Logan Wisnauskas scored five goals and added three assists, Keegan Khan matched Murphy with four goals and an assist and Logan McNaney made 11 saves for Maryland, which scored four goals in the first 3:29 and was never threatened.

Little went right for the Blue Jays (6-8, 2-3), who got a goal and an assist from Connor DeSimone.

“It was a tough day,” said coach Peter Milliman, who is 0-4 against Maryland in his two seasons with the Blue Jays. “That was not the best version of us.”

Clearly not, since Hopkins had never lost a game by more than 13 goals, most recently in the 2017 NCAA tournament against Duke. Maryland administered a couple 17-4 poundings, in 1954 and 1973. But was it the best version of Maryland? Perhaps.

As well as the Terps have played for most of the season —  this was their school-record sixth game with 20 or more goals — they did receive a scare last week against Ohio State before pulling away in the fourth quarter.

That victory locked up the top seed in the Big Ten tournament, leaving Maryland with the twin aims of claiming a fourth consecutive victory over its in-state rival to matching its longest in a series now spanning 123 games and tightening up for a May run that will ultimately define the Terps’ season.

Oh, and Hopkins threw two scares into an undefeated Maryland team late last season, once at Homewood and again in the Big Ten tournament.
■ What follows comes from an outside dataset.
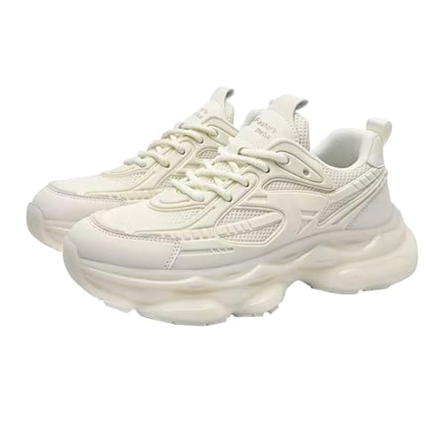 Running Shoes for Men Sports Shoes Shock Absorbing Athletic Sneakers Chunky Soles Trainers Anti Slip Outdoor Shoe Lace Up Summer Sneakers Breathable Walking Trainers Trendy Casual Shoe Beige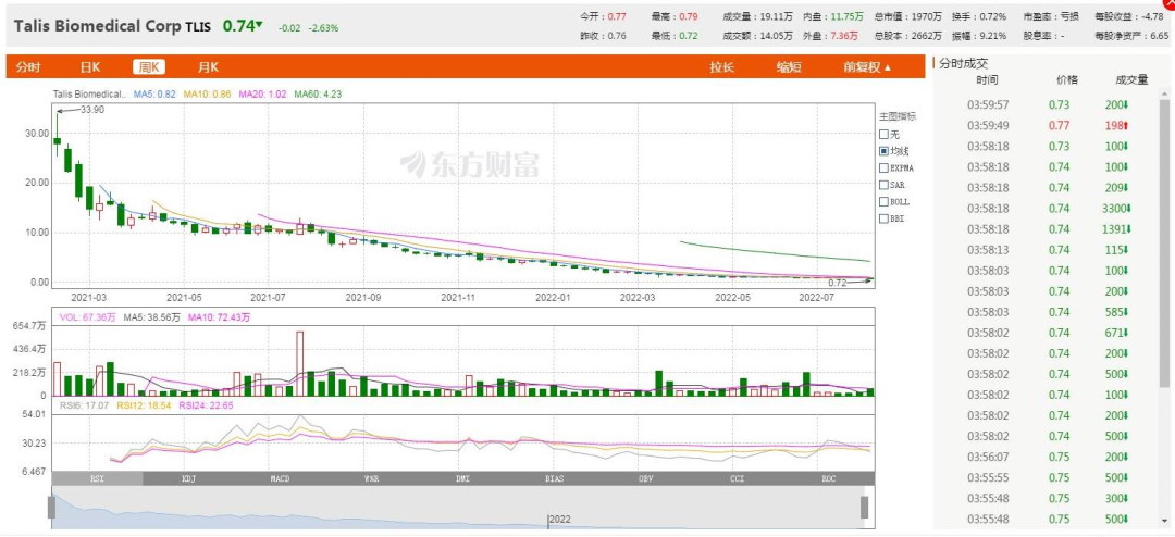 近日,器械之家获悉,即时感染检测开发商Talis Biomedical 宣布将停止其即时 COVID 测试的工作,转而重新专注于女性和性传播疾病检测。另外,该公司还表示将再裁员 35%,预计将在今年第四季度完成。 据了解,Talis Biomedical于2021年2月12日正式登陆美国纳斯达克市场,公司在6个月前就已经裁员25% ,当时该公司表示,由于大规模制造的挑战,它无法为其 Talis One 系统推出新型冠状病毒测试,并且正在对其工艺和产品设计进行全面审查。这些麻烦在今年仍然存在;不过该诊断产品已于 2021 年 11 月获得 FDA 的紧急授权。 Talis 由 Brian Coe 和 Rustem F. Ismagilov 博士于2010 年 3 月创立;成立之初公司原名为 SlipChip,是一家即时感染检测开发商 。旨在通过开发创新产品并将其商业化来提高诊断测试精准度,这些产品旨在对传染病和其他疾病进行准确、可靠、低成本和快速的分子检测。2018年SlipChip 将公司名称更改为 Talis Biomedical 并在加利福尼亚州门洛帕克设立总部。 公司主要产品Talis One平台,是一个从样本到结果、支持云分子诊断的平台,一旦获得授权,可以快速部署到美国和世界各地的分散式诊断环境中,以在床旁诊断传染病。该系统将稳健的样品制备与高度优化和快速的等温核酸扩增技术相结合,能够快速检测各种未净化患者样本类型的传染性病原体;其是一个集成平台,包括紧凑型仪器、一次使用测试盒和含纳中央云数据库的软件。 上市后股价暴跌 2021年2月,Talis Biomedical公司以2.54亿美元的价格上市,在纳斯达克首次亮相时每股价格为16美元,历史最高价格为33.9美元/股,对应市值约9亿美元(折合人民币60.85亿元),是2021年美股医疗科技第10大IPO企业。而目前该公司最新股价为0.74美元/股,市值1970万美元(折合人民币1.33亿元)。 然而在完成纳斯达克 IPO 并获得约 2.325 亿美元的净收益后不到一个月,Talis Biomedical 宣布将撤回其向 FDA 申请对其 Talis One COVID-19的紧急授权测试。 2021 年 3 月,该公司表示,该机构无法确保 Talis One 的主要研究中使用的比较诊断足够敏感以证明产品的准确性。 在收回其申请后——该申请将涵盖基于试剂盒的分子测试在某些中等复杂性 CLIA 实验室中的使用——Talis 表示将转而专注于未来提交的针对 CLIA 豁免设置的申请,其中包括在家和其他方面护理测试。 这将意味着使用不同的比较分析进行新的临床验证研究。该试验和随后向 FDA 提交的测试于 2021 年 7 月完成,并于 2021 年11 月初获得紧急授权。 两换CEO 然而,在此期间,Talis Biomedical 宣布其总裁兼首席执行官布莱恩·科 (Brian Coe) 离职,后者于 8 月卸任顾问一职。在 2019 年被 Exact Sciences 以 28 亿美元收购之前,他被 Genomic Health 前总裁、首席执行官兼主席 Kim Popovits 取代。 经过两个月的搜索,Talis Biomedical 找到了一位新的领导者,即前雅培诊断执行副总裁 Brian Blaser,他在体外测试领域拥有超过 25 年的经验。但该公司表示,布拉泽的任期将持续约三周——他因个人原因于 2021 年 12 月上旬卸任。公司首席商务官 Rob Kelley 被提升为 CEO,立即生效。 Rob Kelley 自 2021 年 12 月起担任公司首席执行官。于 2020 年 9 月加入Talis 担任首席商务官;在加入Talis 之前,Kelley 曾担任 Genalyte, Inc. 副总裁, Genalyte, Inc. 负责产品销售和商业开发,这是一家医疗保健分析和即时诊断公司。除此之外,Kelley 还曾在 Illumina 担任过多个职责,包括下一代测序临床应用的全球销售经理和市场总监。 Talis Biomedical 作为是众多参与新冠检测械企的其中之一,其所开发的TALIS ONE™ COVID-19测试系统,从样本到结果不到 30 分钟即可完成中央实验室质量的 SARS-CoV-2 分子检测,该系统于2021 年 11 月获得 FDA 的紧急授权。

“I reminded the guys in a couple of timeouts that we were down two goals with two minutes left [last season], so we had started fast last year and didn’t finish,” coach John Tillman said. “We were really on the guys to stay focused. We knew they would make a push or a run.”

Except the Blue Jays never really did. They managed consecutive goals to close to within 8-3 in the middle of the second quarter, only for Maryland to punch it out to 12-4 at the break.

Things got worse for Hopkins in the third quarter when Maryland scored on 10 of its 16 shots and the Blue Jays fired just three shots (one on cage) while the Terps expanded the lead to 22-4.

“At the end of the day, this wasn’t a performance or a showing that I think can resemble what this group is,” Hopkins attackman Joey Epstein said. “It’s what we put out there, so that’s what represents us right now. I think the bitter taste will motivate us and we’ll be better.”

Among the people sure to savor this experience was Murphy, who had eight goals and five assists in six games at Hopkins in 2020 as a freshman. He entered the transfer portal prior to the start of the 2021 season, sat out last year and eventually resurfaced at Maryland — a program he never actually faced as a Blue Jay.

He has 22 goals in his first year with the Terps, fourth most on the team behind Wisnauskas (40), Khan (26) and Jonathan Donville (25).

“I kept saying ‘Let’s make sure we breathe,’” Tillman said. “Obviously he had spent time here, so there’s always emotions and things like that. I was a little worried he would be emotional, so that was something we were keeping a gauge on. … I just wanted to make sure Owen didn’t overthink this thing. You have to play the game. Once the game starts, remember it’s the same game you’ve always played.”

As for the Blue Jays, they’d just as soon forget that Saturday had any connection to the game they’ve always played. It proved to be a forgettable Senior Day —  especially with those ceremonies scheduled for immediately after the game — but it won’t be Hopkins’ final home game this season.

Instead, the Blue Jays will be the No. 4 seed in the Big Ten tournament and play host to fifth-seeded Penn State on Saturday.

Win that, and Hopkins gets another week together. Win that, and Hopkins also gets another crack in the Big Ten semifinals at Maryland, a program the Blue Jays have never been so far from matching as they were Saturday.

“I’m proud of the seniors for what they’ve given to this program and what this program is going to do to honor them,” Milliman said. “Where we go from here is going to reflect that. I have confidence and assurance that we are going to handle this the right way and move forward from this the right way and honor these guys the way they deserve because this is not the last game on Homewood that these guys deserved.”